Start of Data records

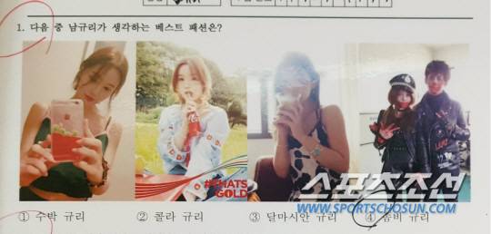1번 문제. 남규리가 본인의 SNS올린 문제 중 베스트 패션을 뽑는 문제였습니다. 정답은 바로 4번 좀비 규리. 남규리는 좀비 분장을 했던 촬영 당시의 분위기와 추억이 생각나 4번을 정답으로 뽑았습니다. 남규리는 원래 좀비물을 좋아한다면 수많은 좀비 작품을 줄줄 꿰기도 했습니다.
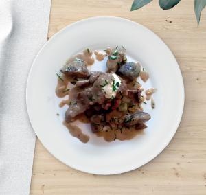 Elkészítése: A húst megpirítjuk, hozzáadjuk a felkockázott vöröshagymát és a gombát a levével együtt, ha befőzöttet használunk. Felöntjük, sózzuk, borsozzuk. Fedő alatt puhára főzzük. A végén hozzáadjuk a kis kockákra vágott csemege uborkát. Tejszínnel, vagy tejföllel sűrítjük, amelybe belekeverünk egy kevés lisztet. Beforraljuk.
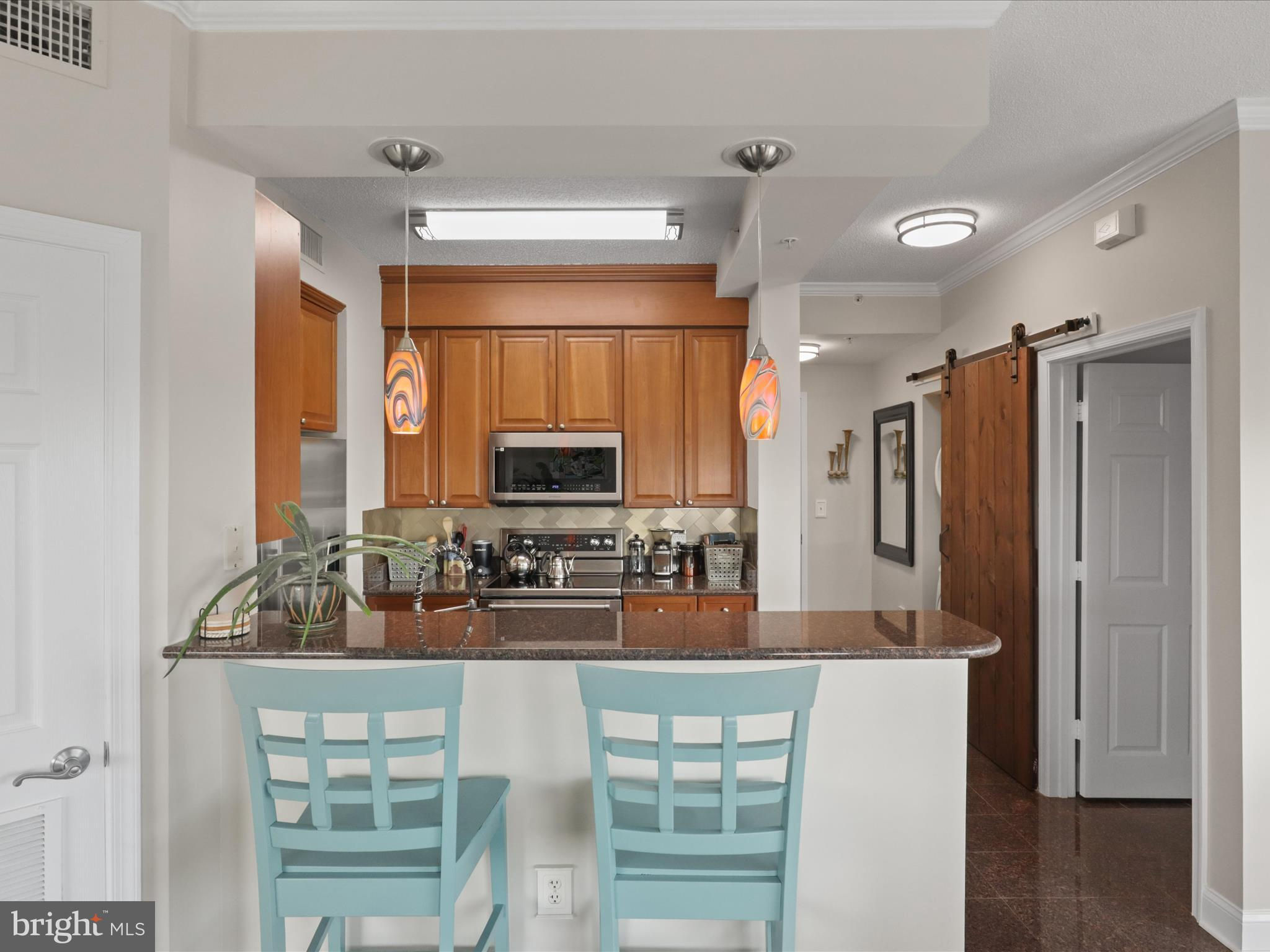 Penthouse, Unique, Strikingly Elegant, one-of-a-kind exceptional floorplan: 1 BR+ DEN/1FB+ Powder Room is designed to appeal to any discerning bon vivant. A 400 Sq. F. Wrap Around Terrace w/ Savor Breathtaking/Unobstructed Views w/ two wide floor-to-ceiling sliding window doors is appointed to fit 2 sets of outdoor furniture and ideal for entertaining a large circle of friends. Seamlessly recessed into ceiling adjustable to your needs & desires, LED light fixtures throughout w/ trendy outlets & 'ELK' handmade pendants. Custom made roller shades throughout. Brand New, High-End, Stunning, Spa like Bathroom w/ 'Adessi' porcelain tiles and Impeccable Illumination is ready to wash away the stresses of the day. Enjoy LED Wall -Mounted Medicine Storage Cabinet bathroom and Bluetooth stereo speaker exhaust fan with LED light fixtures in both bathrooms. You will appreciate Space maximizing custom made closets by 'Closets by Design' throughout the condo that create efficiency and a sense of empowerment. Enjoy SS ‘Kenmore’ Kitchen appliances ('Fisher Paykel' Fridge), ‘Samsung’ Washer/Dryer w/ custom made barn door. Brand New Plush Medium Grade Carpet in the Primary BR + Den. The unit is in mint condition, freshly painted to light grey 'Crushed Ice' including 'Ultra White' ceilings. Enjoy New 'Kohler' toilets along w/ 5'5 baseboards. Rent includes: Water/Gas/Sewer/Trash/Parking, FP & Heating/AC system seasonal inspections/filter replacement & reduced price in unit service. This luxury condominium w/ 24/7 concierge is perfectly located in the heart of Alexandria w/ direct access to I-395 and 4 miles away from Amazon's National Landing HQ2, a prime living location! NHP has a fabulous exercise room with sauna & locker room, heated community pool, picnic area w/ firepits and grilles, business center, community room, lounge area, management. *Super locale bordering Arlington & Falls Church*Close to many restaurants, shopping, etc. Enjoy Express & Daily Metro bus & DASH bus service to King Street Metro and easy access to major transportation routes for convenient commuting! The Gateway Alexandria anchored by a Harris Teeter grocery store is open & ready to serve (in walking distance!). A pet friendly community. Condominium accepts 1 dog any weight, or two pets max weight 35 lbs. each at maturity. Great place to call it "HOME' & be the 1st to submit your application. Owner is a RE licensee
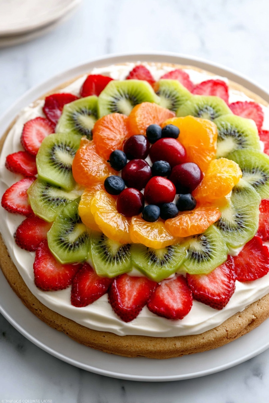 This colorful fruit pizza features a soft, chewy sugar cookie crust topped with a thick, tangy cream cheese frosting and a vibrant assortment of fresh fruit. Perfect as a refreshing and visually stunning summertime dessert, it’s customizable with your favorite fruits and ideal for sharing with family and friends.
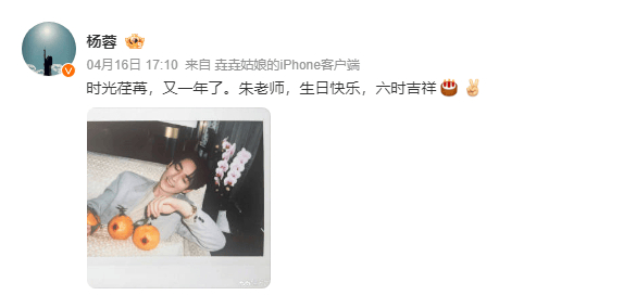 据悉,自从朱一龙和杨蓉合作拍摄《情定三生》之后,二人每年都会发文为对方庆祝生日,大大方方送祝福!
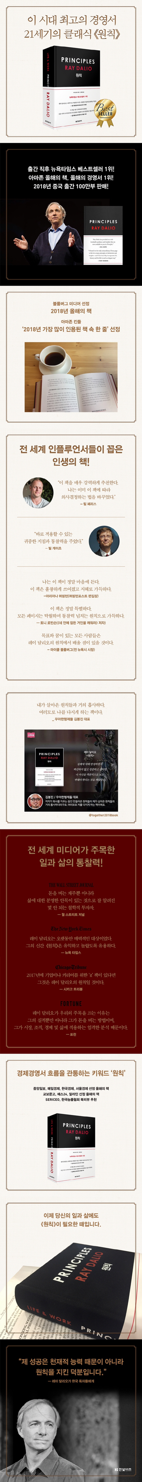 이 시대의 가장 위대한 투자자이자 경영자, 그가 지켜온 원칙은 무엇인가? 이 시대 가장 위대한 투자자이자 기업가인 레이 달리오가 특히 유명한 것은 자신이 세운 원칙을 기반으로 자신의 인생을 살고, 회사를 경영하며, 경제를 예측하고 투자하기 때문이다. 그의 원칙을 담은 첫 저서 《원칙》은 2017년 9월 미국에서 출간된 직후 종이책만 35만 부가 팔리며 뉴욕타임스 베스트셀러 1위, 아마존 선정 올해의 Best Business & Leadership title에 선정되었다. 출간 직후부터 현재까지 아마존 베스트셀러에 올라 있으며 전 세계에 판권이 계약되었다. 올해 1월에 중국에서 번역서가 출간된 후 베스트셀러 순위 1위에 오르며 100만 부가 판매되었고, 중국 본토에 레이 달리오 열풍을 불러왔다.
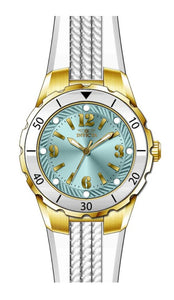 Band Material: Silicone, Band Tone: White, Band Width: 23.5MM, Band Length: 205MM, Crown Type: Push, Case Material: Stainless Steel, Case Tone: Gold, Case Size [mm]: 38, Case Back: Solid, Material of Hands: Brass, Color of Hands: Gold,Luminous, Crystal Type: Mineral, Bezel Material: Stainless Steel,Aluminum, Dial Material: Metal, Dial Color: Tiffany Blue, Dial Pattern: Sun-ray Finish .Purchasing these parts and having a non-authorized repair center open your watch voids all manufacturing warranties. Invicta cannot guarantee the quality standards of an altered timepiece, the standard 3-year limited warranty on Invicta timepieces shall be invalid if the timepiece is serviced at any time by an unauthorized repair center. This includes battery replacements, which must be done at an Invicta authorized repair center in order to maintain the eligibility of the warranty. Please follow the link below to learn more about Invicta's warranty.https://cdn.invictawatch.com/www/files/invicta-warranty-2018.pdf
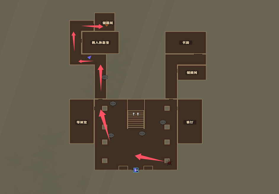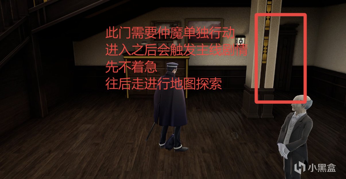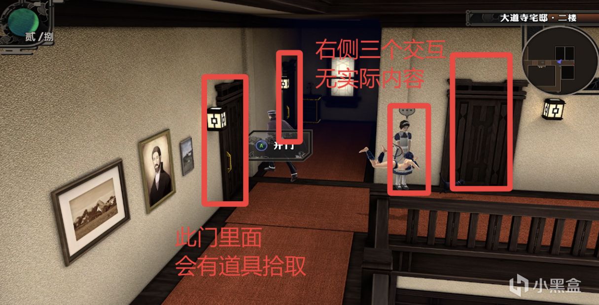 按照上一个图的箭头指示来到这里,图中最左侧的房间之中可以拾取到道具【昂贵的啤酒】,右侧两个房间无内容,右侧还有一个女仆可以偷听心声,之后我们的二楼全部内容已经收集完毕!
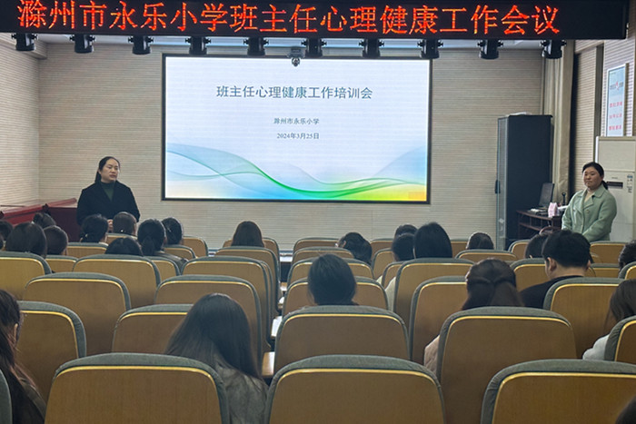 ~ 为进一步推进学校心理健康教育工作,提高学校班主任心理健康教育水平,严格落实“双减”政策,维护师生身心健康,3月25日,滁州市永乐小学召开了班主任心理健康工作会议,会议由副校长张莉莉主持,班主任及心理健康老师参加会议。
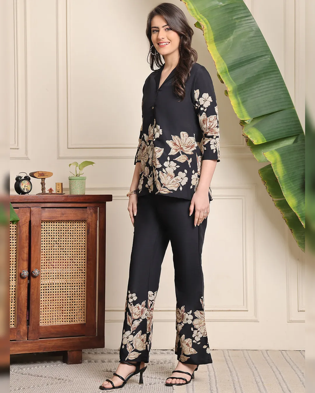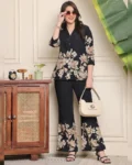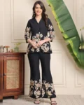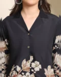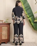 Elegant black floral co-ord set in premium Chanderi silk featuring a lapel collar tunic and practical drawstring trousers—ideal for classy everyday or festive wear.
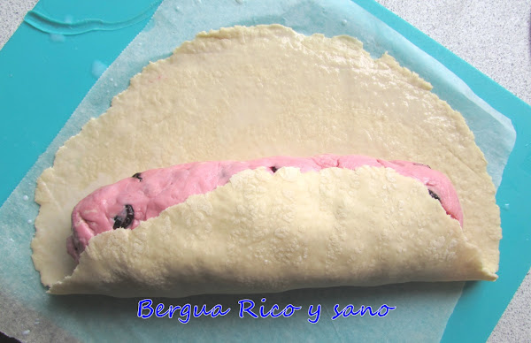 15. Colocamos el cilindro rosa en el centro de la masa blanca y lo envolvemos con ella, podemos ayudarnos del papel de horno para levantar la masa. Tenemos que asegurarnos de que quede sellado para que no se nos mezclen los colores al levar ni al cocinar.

End of Data records

**The task:** Line by line, restate the data above exactly as it stands, minus the pictures.

**Response to the exercise:**
1번 문제. 남규리가 본인의 SNS올린 문제 중 베스트 패션을 뽑는 문제였습니다. 정답은 바로 4번 좀비 규리. 남규리는 좀비 분장을 했던 촬영 당시의 분위기와 추억이 생각나 4번을 정답으로 뽑았습니다. 남규리는 원래 좀비물을 좋아한다면 수많은 좀비 작품을 줄줄 꿰기도 했습니다.
 Elkészítése: A húst megpirítjuk, hozzáadjuk a felkockázott vöröshagymát és a gombát a levével együtt, ha befőzöttet használunk. Felöntjük, sózzuk, borsozzuk. Fedő alatt puhára főzzük. A végén hozzáadjuk a kis kockákra vágott csemege uborkát. Tejszínnel, vagy tejföllel sűrítjük, amelybe belekeverünk egy kevés lisztet. Beforraljuk.
 Penthouse, Unique, Strikingly Elegant, one-of-a-kind exceptional floorplan: 1 BR+ DEN/1FB+ Powder Room is designed to appeal to any discerning bon vivant. A 400 Sq. F. Wrap Around Terrace w/ Savor Breathtaking/Unobstructed Views w/ two wide floor-to-ceiling sliding window doors is appointed to fit 2 sets of outdoor furniture and ideal for entertaining a large circle of friends. Seamlessly recessed into ceiling adjustable to your needs & desires, LED light fixtures throughout w/ trendy outlets & 'ELK' handmade pendants. Custom made roller shades throughout. Brand New, High-End, Stunning, Spa like Bathroom w/ 'Adessi' porcelain tiles and Impeccable Illumination is ready to wash away the stresses of the day. Enjoy LED Wall -Mounted Medicine Storage Cabinet bathroom and Bluetooth stereo speaker exhaust fan with LED light fixtures in both bathrooms. You will appreciate Space maximizing custom made closets by 'Closets by Design' throughout the condo that create efficiency and a sense of empowerment. Enjoy SS ‘Kenmore’ Kitchen appliances ('Fisher Paykel' Fridge), ‘Samsung’ Washer/Dryer w/ custom made barn door. Brand New Plush Medium Grade Carpet in the Primary BR + Den. The unit is in mint condition, freshly painted to light grey 'Crushed Ice' including 'Ultra White' ceilings. Enjoy New 'Kohler' toilets along w/ 5'5 baseboards. Rent includes: Water/Gas/Sewer/Trash/Parking, FP & Heating/AC system seasonal inspections/filter replacement & reduced price in unit service. This luxury condominium w/ 24/7 concierge is perfectly located in the heart of Alexandria w/ direct access to I-395 and 4 miles away from Amazon's National Landing HQ2, a prime living location! NHP has a fabulous exercise room with sauna & locker room, heated community pool, picnic area w/ firepits and grilles, business center, community room, lounge area, management. *Super locale bordering Arlington & Falls Church*Close to many restaurants, shopping, etc. Enjoy Express & Daily Metro bus & DASH bus service to King Street Metro and easy access to major transportation routes for convenient commuting! The Gateway Alexandria anchored by a Harris Teeter grocery store is open & ready to serve (in walking distance!). A pet friendly community. Condominium accepts 1 dog any weight, or two pets max weight 35 lbs. each at maturity. Great place to call it "HOME' & be the 1st to submit your application. Owner is a RE licensee
 This colorful fruit pizza features a soft, chewy sugar cookie crust topped with a thick, tangy cream cheese frosting and a vibrant assortment of fresh fruit. Perfect as a refreshing and visually stunning summertime dessert, it’s customizable with your favorite fruits and ideal for sharing with family and friends.
 据悉,自从朱一龙和杨蓉合作拍摄《情定三生》之后,二人每年都会发文为对方庆祝生日,大大方方送祝福!
 이 시대의 가장 위대한 투자자이자 경영자, 그가 지켜온 원칙은 무엇인가? 이 시대 가장 위대한 투자자이자 기업가인 레이 달리오가 특히 유명한 것은 자신이 세운 원칙을 기반으로 자신의 인생을 살고, 회사를 경영하며, 경제를 예측하고 투자하기 때문이다. 그의 원칙을 담은 첫 저서 《원칙》은 2017년 9월 미국에서 출간된 직후 종이책만 35만 부가 팔리며 뉴욕타임스 베스트셀러 1위, 아마존 선정 올해의 Best Business & Leadership title에 선정되었다. 출간 직후부터 현재까지 아마존 베스트셀러에 올라 있으며 전 세계에 판권이 계약되었다. 올해 1월에 중국에서 번역서가 출간된 후 베스트셀러 순위 1위에 오르며 100만 부가 판매되었고, 중국 본토에 레이 달리오 열풍을 불러왔다.
 Band Material: Silicone, Band Tone: White, Band Width: 23.5MM, Band Length: 205MM, Crown Type: Push, Case Material: Stainless Steel, Case Tone: Gold, Case Size [mm]: 38, Case Back: Solid, Material of Hands: Brass, Color of Hands: Gold,Luminous, Crystal Type: Mineral, Bezel Material: Stainless Steel,Aluminum, Dial Material: Metal, Dial Color: Tiffany Blue, Dial Pattern: Sun-ray Finish .Purchasing these parts and having a non-authorized repair center open your watch voids all manufacturing warranties. Invicta cannot guarantee the quality standards of an altered timepiece, the standard 3-year limited warranty on Invicta timepieces shall be invalid if the timepiece is serviced at any time by an unauthorized repair center. This includes battery replacements, which must be done at an Invicta authorized repair center in order to maintain the eligibility of the warranty. Please follow the link below to learn more about Invicta's warranty.https://cdn.invictawatch.com/www/files/invicta-warranty-2018.pdf
 按照上一个图的箭头指示来到这里,图中最左侧的房间之中可以拾取到道具【昂贵的啤酒】,右侧两个房间无内容,右侧还有一个女仆可以偷听心声,之后我们的二楼全部内容已经收集完毕!
 ~ 为进一步推进学校心理健康教育工作,提高学校班主任心理健康教育水平,严格落实“双减”政策,维护师生身心健康,3月25日,滁州市永乐小学召开了班主任心理健康工作会议,会议由副校长张莉莉主持,班主任及心理健康老师参加会议。
 Elegant black floral co-ord set in premium Chanderi silk featuring a lapel collar tunic and practical drawstring trousers—ideal for classy everyday or festive wear.
 15. Colocamos el cilindro rosa en el centro de la masa blanca y lo envolvemos con ella, podemos ayudarnos del papel de horno para levantar la masa. Tenemos que asegurarnos de que quede sellado para que no se nos mezclen los colores al levar ni al cocinar.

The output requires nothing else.